Elevation Gain

Elevation gain and loss can seem very straightforward. But a lot of consideration went into giving you the most accurate idea of how much ascent and descent you would make on each hike in this hiking guide.

One of the things you'll notice in the hiking guide is that at the start of every hike and in the appendix at the back of the book I list the elevation gain of each hike. This is the amount of climbing you'll make during the length of a hike. Most guidebooks simply subtract the starting elevation from the destination elevation to determine the amount of elevation gain to expect. In theory this works but most hikes are more complex than this approach takes into account.

Many hikes have up and downs before you reach your destination and some hikes in Rocky Mountain National Park reach their highest point before you arrive at your destination. In the above graph we see the elevation profile graph for the hike to Mirror Lake. You'll notice that you begin the hike by descending down to the lowest point before you really begin the climb. Then, even on your way up you have a number of ups and downs before you eventually reach Mirror Lake.

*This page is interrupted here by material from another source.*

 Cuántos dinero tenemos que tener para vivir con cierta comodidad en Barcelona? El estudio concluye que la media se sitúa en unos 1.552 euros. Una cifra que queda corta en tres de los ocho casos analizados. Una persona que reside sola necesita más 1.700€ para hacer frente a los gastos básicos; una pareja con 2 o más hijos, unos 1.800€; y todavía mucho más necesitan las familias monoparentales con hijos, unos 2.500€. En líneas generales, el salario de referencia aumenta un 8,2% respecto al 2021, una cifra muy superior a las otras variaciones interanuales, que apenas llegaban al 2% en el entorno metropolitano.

In this hiking guide I've taken these ups and downs into account when calculating the total elevation gain. After studying many different hikes, I realized that I had to find the right balance. If I counted every little up and down it added a crazy amount of elevation gain to each hike, most of which would not even be noticed by the average hiker. If I didn't add enough, we wouldn't have any better reading than using the first approach. So, in the end I decided to only count hills that rose or dropped 25 feet in elevation or more. This helped to smooth out the data and give us a more meaningful elevation gain figure.

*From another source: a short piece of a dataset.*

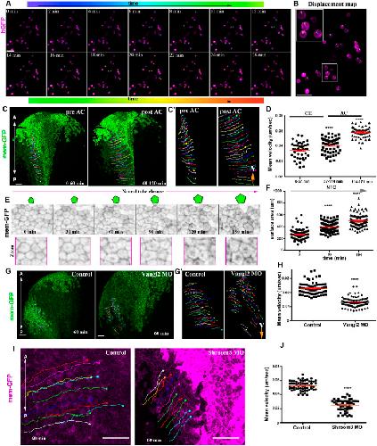 Figure 5. SE medial movement requires forces generated by NP morphogenesis. (A) Stills from a time-lapse recording of deep SE cells plated on an FN-coated coverslip. Tracks (spots) are time colour-coded. (B) Displacement map from a 26â min time window from the time-lapse recording used for cell tracking in A, indicating absence of cell movement. Boxed area is shown at higher magnification in inset. (C) Stills from a tracked time-lapse recording of a control embryo before (left) and after (right) AC. (Câ²) Zoomed tracks from the recording shown C showing the increase of cell displacement and velocity (V) during AC. (D) Quantification of the average cell velocity of SE cells during distinct phases of NTC. ****P<0.0001 (two-sided, unpaired Student's t-test); mean±s.e.m. n=46, 53 and 54 cells for the three different time periods. (E) Stills from a tracked time-lapse recording showing SE cells during NTC. As NTC progresses, the surface area of SE cells increases, as shown by the schematics above. (F) Quantification of the apical surface area of SE cells during NTC. ****P<0.0001 (two-sided, unpaired Student's t-test); mean±s.e.m. n=100 cells for each time point. (G) Stills from a tracked time-lapse recording of a control embryo (left) and a Vangl2 morphant embryo (right). (Gâ²) Zoomed tracks from the recording shown in C showing decrease of cell displacement and velocity (V) in the absence of CE in Vangl2 morphants. (H) Quantification of the average cell velocity from control and Vangl2 morphant embryos. ****P<0.0001 (two-sided, unpaired Student's t-test); mean±s.e.m., n=63 SE cells from a control and 97 SE cells from a Vangl2 morphant embryo. (I) Stills from a tracked time-lapse recording of a control embryo (left) and a Shroom3 morphant embryo (right). The displacement and velocity (V) of SE cells is decreased in the absence of AC. (J) Quantification of the average cell velocity from control and Shroom3 morphant embryos. ****P<0.0001 (two-sided, unpaired Student's t-test); mean±s.e.m., n=59 SE cells from a control and 49 SE cells from a Shroom3 morphant embryo. Scale bars: 100â µm. A, anterior; P, posterior. |

While calculating the elevation for each hike I realized that when you make a descent on the way to your destination you have to regain that elevation in the next climb and so the descent actually becomes an additional gain on your way to the destination. Also, on the return journey each of those descents you experienced becomes an additional climb on the way back. So I carefully calculated each hike both for the elevation gained and lost on the way to the destination and for the return journey to come up with my elevation gain figures.